____ MATERIALS PROVIDED

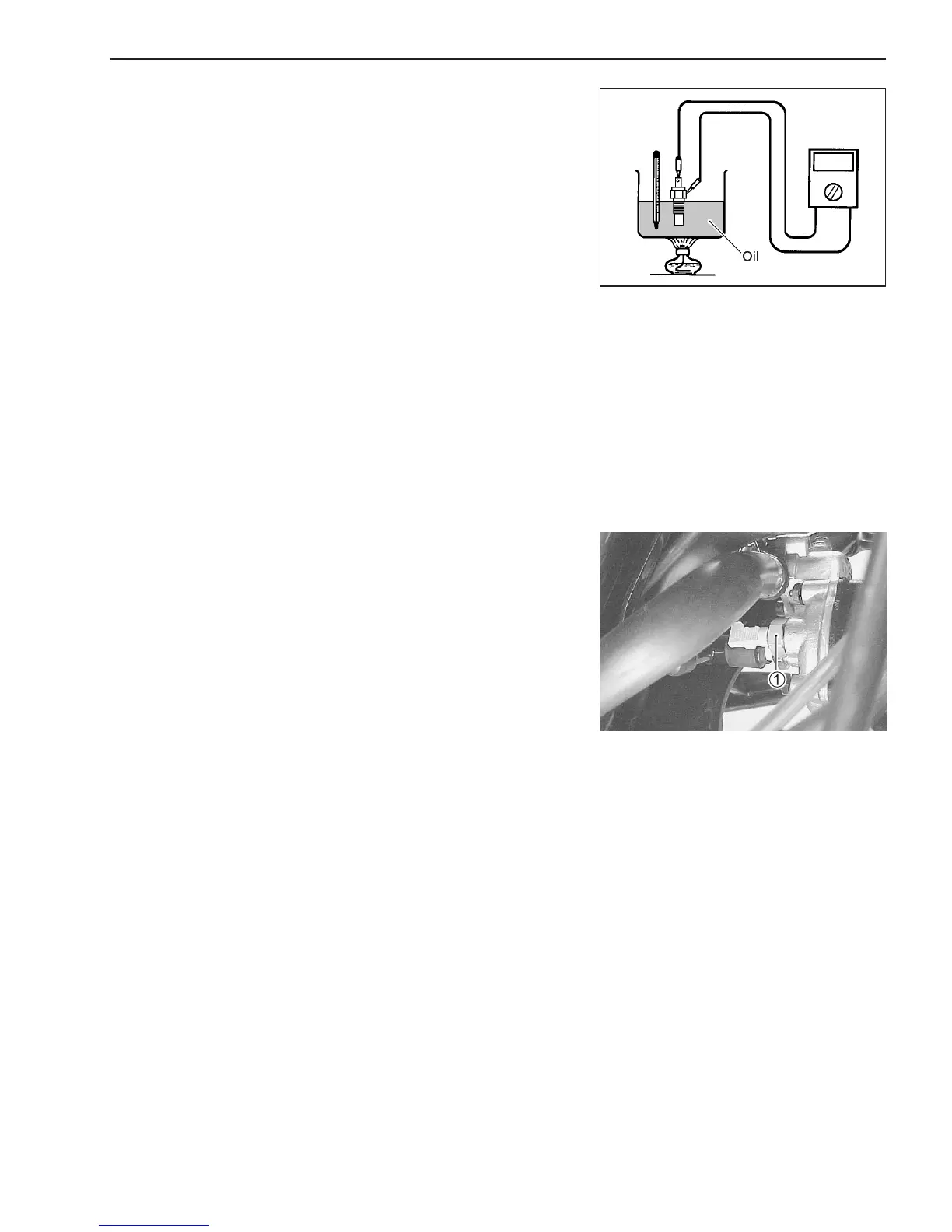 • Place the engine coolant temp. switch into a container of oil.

________
____ MATERIALS PROVIDED

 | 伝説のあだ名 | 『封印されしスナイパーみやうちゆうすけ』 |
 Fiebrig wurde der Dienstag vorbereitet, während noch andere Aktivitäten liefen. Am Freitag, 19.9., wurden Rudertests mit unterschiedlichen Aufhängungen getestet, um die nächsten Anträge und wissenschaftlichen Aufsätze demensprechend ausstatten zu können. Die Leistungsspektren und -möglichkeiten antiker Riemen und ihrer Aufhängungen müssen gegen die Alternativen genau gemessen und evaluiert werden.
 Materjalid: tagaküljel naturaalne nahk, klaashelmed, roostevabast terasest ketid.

________

— DESCRIPTION OF THE TASK —
Take the lines above from the one containing "Fiebrig wurde der" down to the one containing "Materjalid: tagaküljel naturaalne", and transcribe them exactly, both ends included.

— THE ANSWER —
 Fiebrig wurde der Dienstag vorbereitet, während noch andere Aktivitäten liefen. Am Freitag, 19.9., wurden Rudertests mit unterschiedlichen Aufhängungen getestet, um die nächsten Anträge und wissenschaftlichen Aufsätze demensprechend ausstatten zu können. Die Leistungsspektren und -möglichkeiten antiker Riemen und ihrer Aufhängungen müssen gegen die Alternativen genau gemessen und evaluiert werden.
 Materjalid: tagaküljel naturaalne nahk, klaashelmed, roostevabast terasest ketid.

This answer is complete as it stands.